Starting August 3, Public Broadcasting Service stations across the nation will broadcast “Happiness 101 With Tal Ben-Shahar,” a 90-minute special featuring the Israeli author and Ivy League lecturer as he advises viewers on how to make their lives more pleasurable and satisfying. Drawn from the positive psychology movement — defined by PBS as “the scientific study of optimal human functioning” — the program examines the concept of happiness and analyzes research studies looking at the combined effect of genes, personality and lifestyle on a person’s level of happiness. Joining Ben-Shahar on the program are comedian Ellen DeGeneres and several of Ben-Shahar’s colleagues in academia, who appear in segments exploring stress and other topics related to happiness.

Although the PBS program should produce one of his biggest audiences yet, Ben-Shahar has previous experience speaking to large groups. One of his courses, Psychology 1504: Positive Psychology, became the most popular class at Harvard during the 2005–2006 school year, drawing more than 850 students to each week’s lectures. A second course with Ben-Shahar ranked third on the university’s list of heavily subscribed courses that year, with an enrollment of 550.

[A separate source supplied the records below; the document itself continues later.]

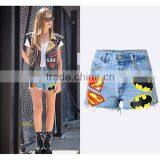 2016 Summer Fashion Women Denim Shorts Ladies Graffiti Printing Punk Style Fringed Hem Breasted High Waist Hip Hop Pants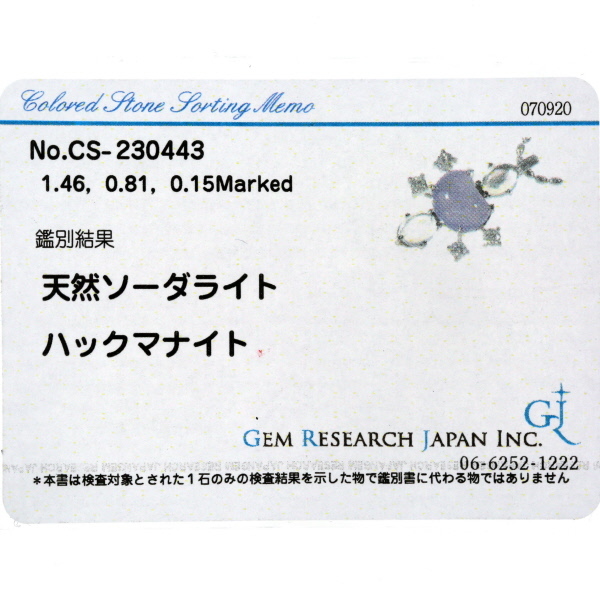 | 石目 | ハックマナイト1.46ct ムーンストーン0.81ct ダイヤモンド0.15ct |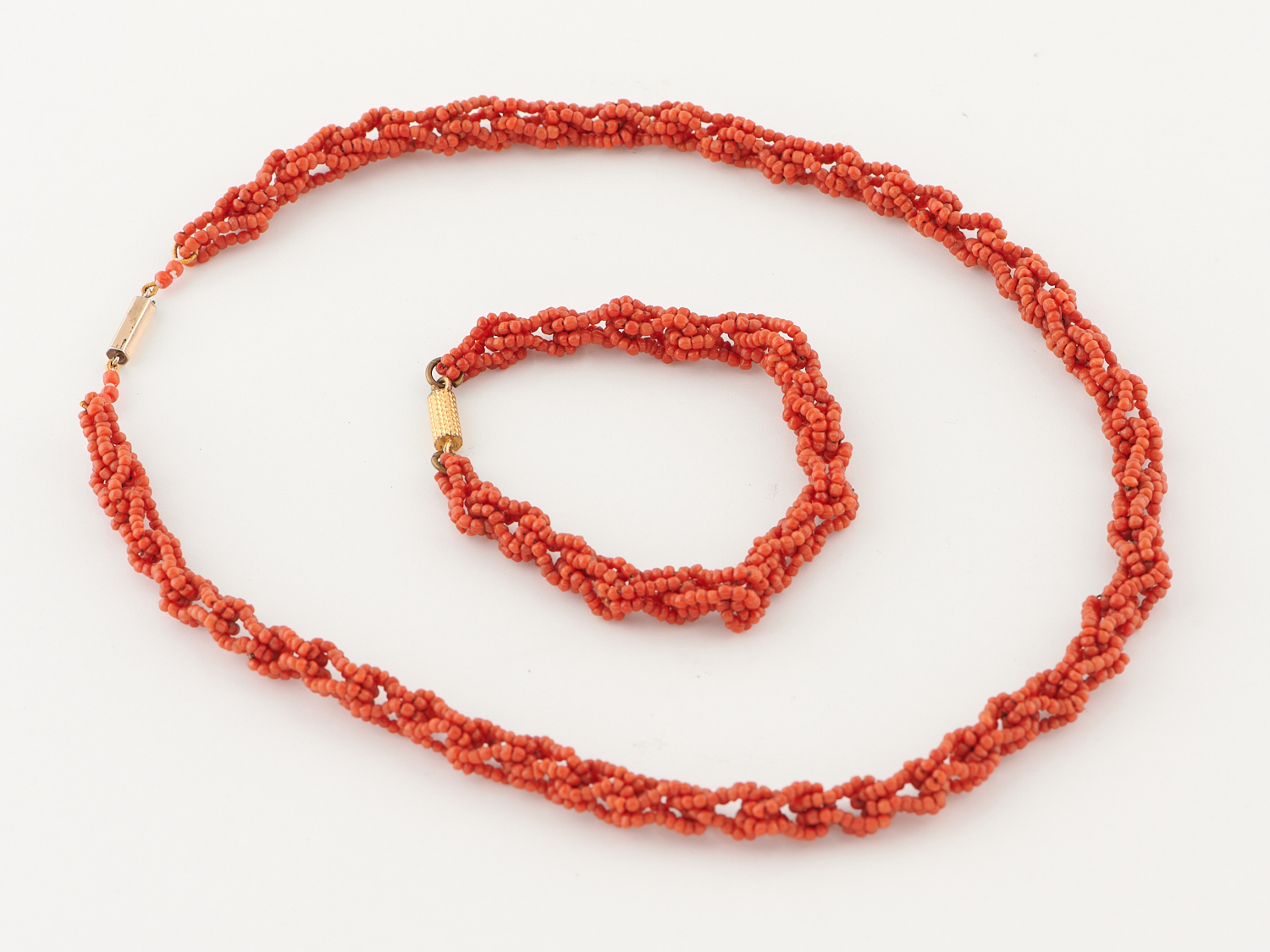 A VINTAGE CORAL PLAITED BEAD NECKLACE AND BRACELET, NECKLACE LENGTH 555MM, BRACELET LENGTH 222MM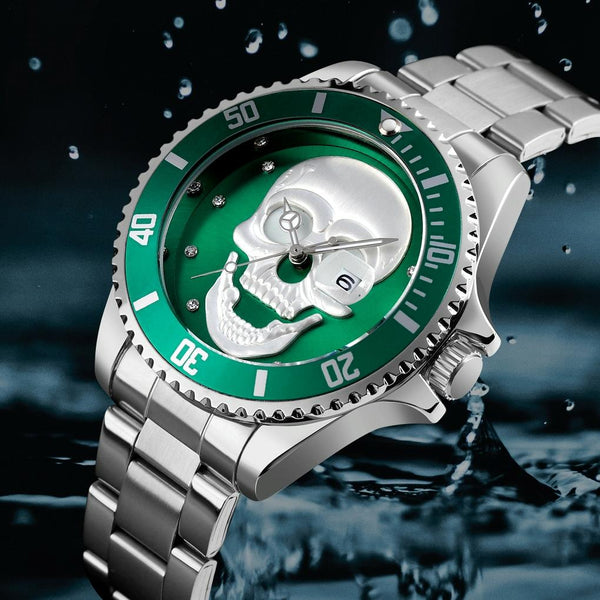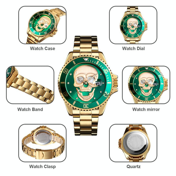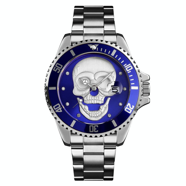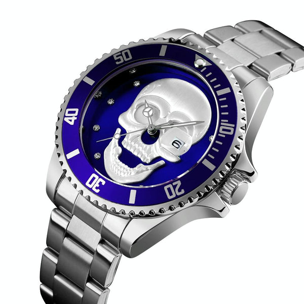 SKMEI 9195 Fashion Water-inlaid Drill Skull Nightlight Waterproof Quartz Watch Steel Strip Watch for Men(Silver Blue)
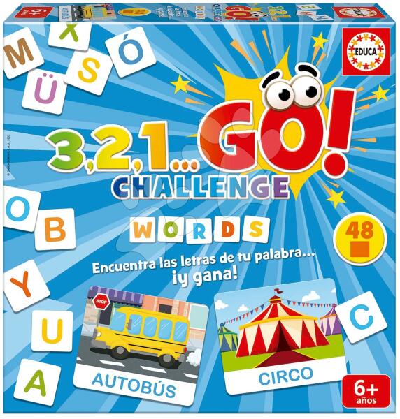 Társasjáték Szavak 3,2, 1... Go! Challange Words a spanyol Educa műhelyéből egy igazán kiváló ajándék fiúknak és lányoknak már 6 éves kortól. A spanyol szójáték 48 kártyalapból áll szavakkal és ábrákkal és 150 színes betűvel. A gyerekek feladata, hogy a lehető leggyorsabban megtalálják és helyesen párosítsák a betűket az ábrákkal, hogy a megfelelő szót kapj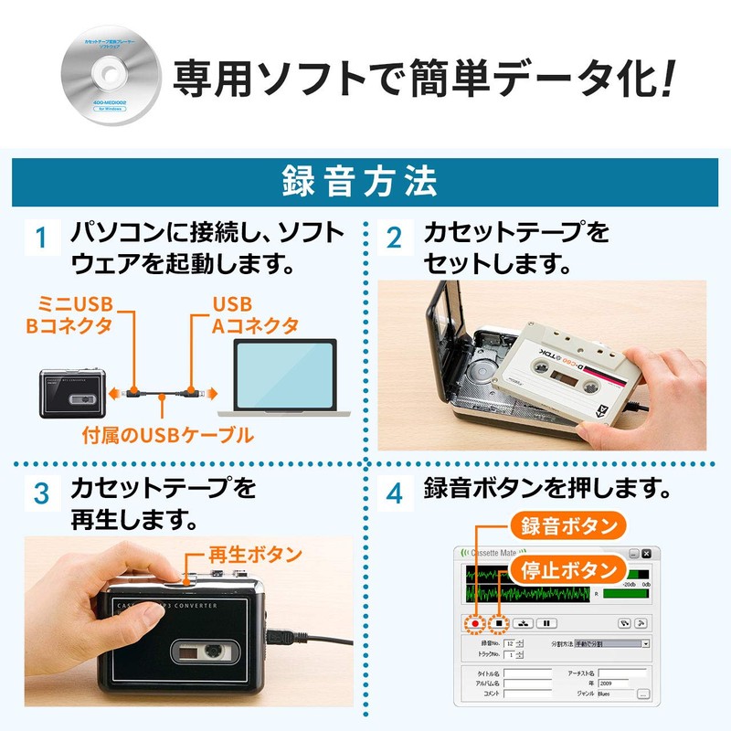 Sanwa Direct Cassette Tape MP3 Conversion Player Cassette Tape to Digital Converter 400-MEDI002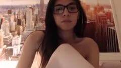 Este doce travesti está se divertindo, enquanto leva seu pau muito duro, e se masturba na frente da câmera com sua meia-calça branca sexy.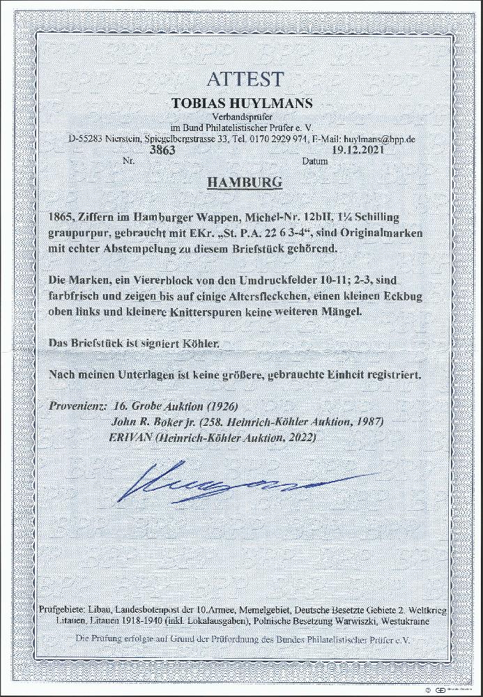 | Zusatzinformationen und Suchstichworte: | 378. Auktion Heinrich Köhler Auktionstermin 21.-26. März 2022 Los 55 1864/67, 1¼ Schilling graupurpur im Viererblock der Umdruckfelder 10-11 und 2-3, farbfrisch und gut gezähnt, mit sauber aufgesetztem Einkreisstempel „St.P.A. 22 6“ auf Briefstück. Leichte Altersfleckchen und Aufkleberknitter sowie kleine Eckbugspur oben links, sonst einwandfrei. Größte registrierte gebrauchte Einheit dieser Marke. Signiert Köhler und Fotoattest Huylmans BPP (2021) Ausruf 500,00 EUR Zuschlag 700,00 EUR (aus der Sammlung Erivan Haub) |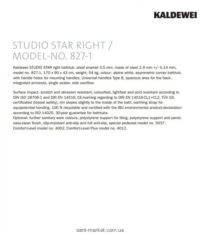 Коллекция ассиметричных стальных ванн Studio Star хорошо сочетается с комфортабельно сделанным внутренним дизайном. Ванна стальная Kaldewei Studio Star 170x90 правая mod 827-1 222300010001 широкая стенка под спину расположена под удобным углом наклона, подлокотники позволят полностью расслабить даже мышцы рук. Красивые хромированные ручки помогут легко подняться с ванны или поменять положение. Все ванны имеют гладкую белоснежную поверхность, а толщина запатентованного материала сталь-эмаль составляет 3,5мм.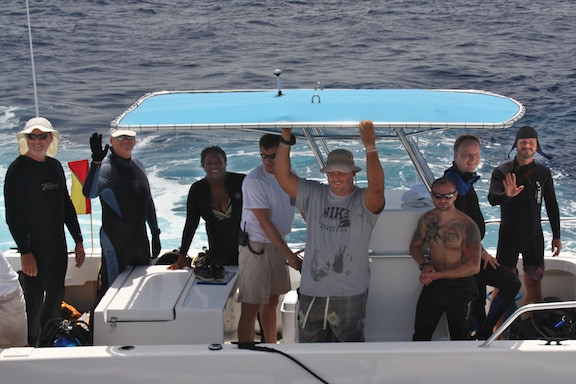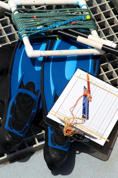 After lunch, the first group of scientific divers departed for the dive site and began sampling and surveying. Throughout the afternoon’s dives, the research divers were pleased to find healthy corals, representative fish populations and few signs of overfishing or damage from boat anchors. Because the Inaguas are relatively isolated and support a small population of people (less than 2000 individuals), the man-made impacts and pressures that are all too common on many reefs are not immediately apparent here.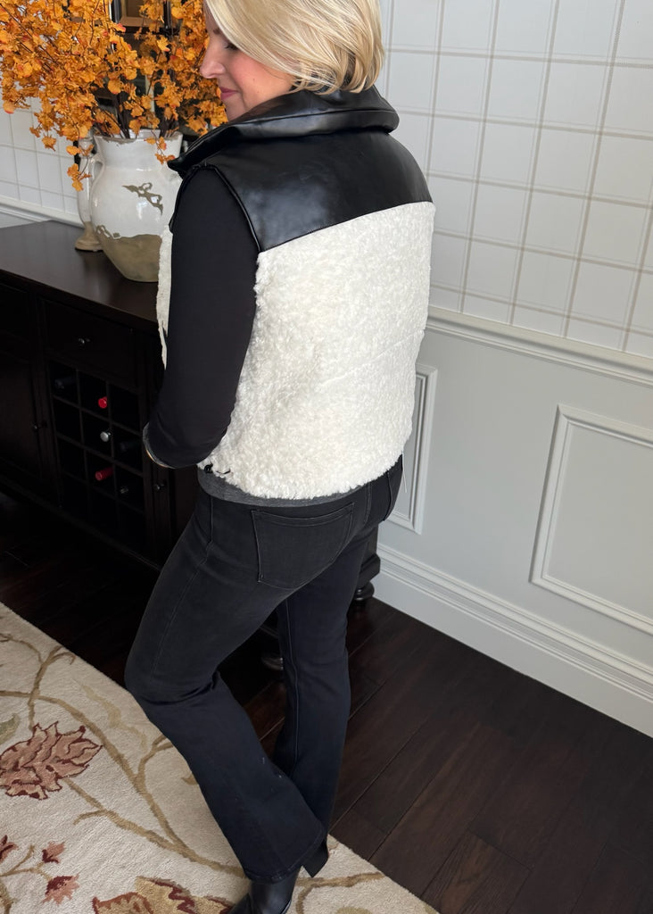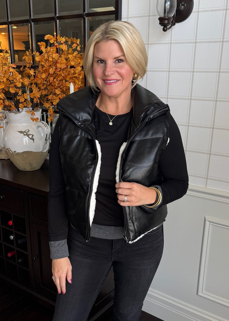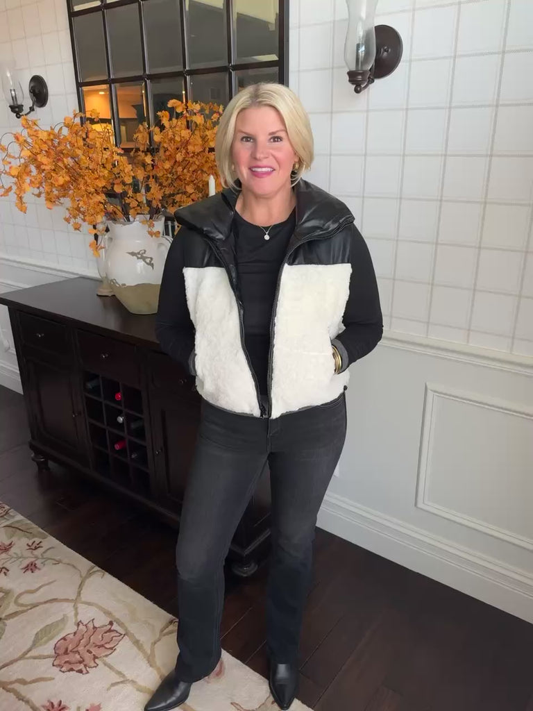 The quality on this vest is phenomenal! You can have a dressier vibe with the faux leather or a sportier look with the sherpa! Love the zipper pockets on the sherpa side.
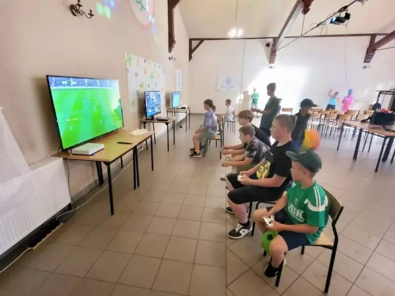 Wszystkie dzieci mogły się pobawić na zamku dmuchanym, który postawiła Bajkowa Kraina Dmuchańców, robić bańki mydlane oraz malować kolorowymi kredami miejscowy teren. Dodatkowo mieliśmy udostępniony wóz strażacki z OSP Bukówek, więc każdy mógł zobaczyć jak to jest być strażakiem. Na sali dzieciom czas umilała pani Natalia z firmy Pasja, która robiła tatuaże oraz malowała dzieciakom buzie. Każdy mały piłkarz mógł się sprawdzić w rozgrywkach gry FIFA, które odbywały się na kilku stanowiskach. Finałową atrakcją wieczoru był Finał Ligi Mistrzów, który wszyscy oglądali na wielkim ekranie.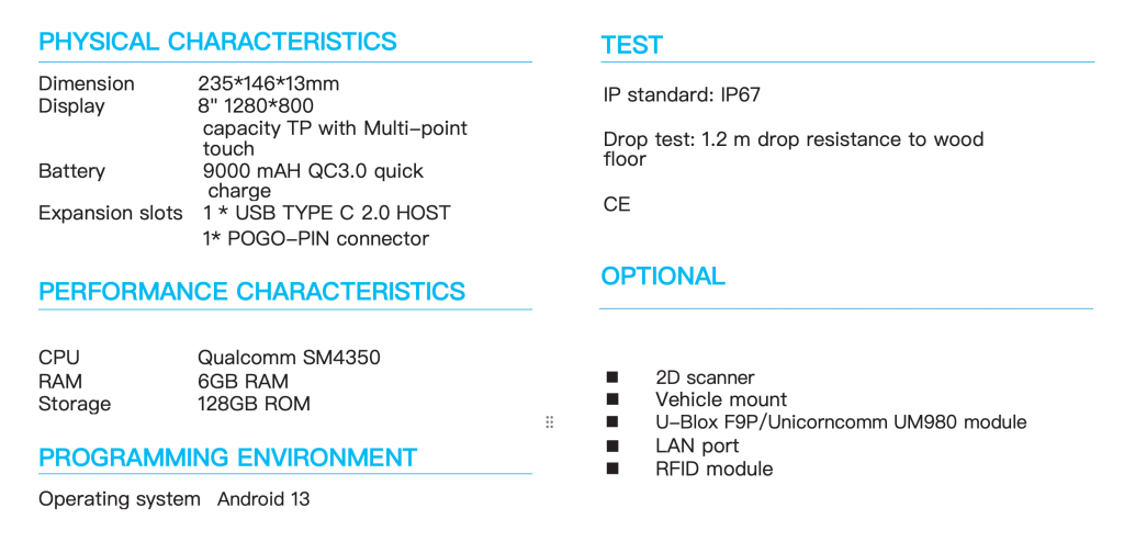 Display | 8 inch IPS screen, 1280*800, 5700 nits |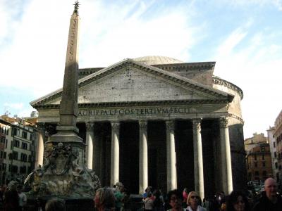 この「パンテオン」は、ギリシャ神殿を思わせる美しい建造物で、現存するローマ遺跡の中にあって最も保存状態がいいものだそうです。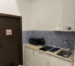 Прилетали на новогодние праздники. До отеля добрались быстро, от метро недалеко. Отдельно стоящее 3-х этажное здание. Пришли около 10-ти утра. Есть место , где можно оставить вещи . Также в цоколе есть просторное помещение для ожидания. Моя дочь устала после перелёта, решили посидеть. Но нас заселили буквально в течении 10 минут. Заселение бесконтактное. Сотрудники всегда на связи в WhatsApp. Номер хороший, тёплый. Кровати удобные. Полотенца, моющие средства есть. На кухне достаточное количество посуды, микроволновка. Всё чисто. Порадовал идеально чистый чайник, без накипи. Хотя она образуется уже через пару кипячений. Просторная душевая кабина, окно в ванной комнате. Поздравили с Новым годом имбирным пряником. Приятно. Магазинов рядом нет, ближайшая "Пятёрочка" в 15 минутах ходьбы. И всё. У Павелецкой есть Перекрёсток, Вкус вилл и SimpleWine. Проживание нам понравилось.

The author of two books on positive psychology, Ben-Shahar promoted the latter, 2007’s “Happier: Learning the Secrets to Daily Joy and Lasting Fulfillment,” on “The Daily Show With Jon Stewart.”

A former Israeli national champion at squash, Ben-Shahar continued in the sport as an undergraduate at Harvard, earning all-American status three times. Currently a scholar-in-residence at The David Project, a pro-Israel advocacy organization, he is also the author of “A Clash of Values: The Struggle for Universal Freedom,” a 2002 book about Islamic extremism and the West.

Ben-Shahar will teach an online course on positive psychology through the University of Pennsylvania this fall.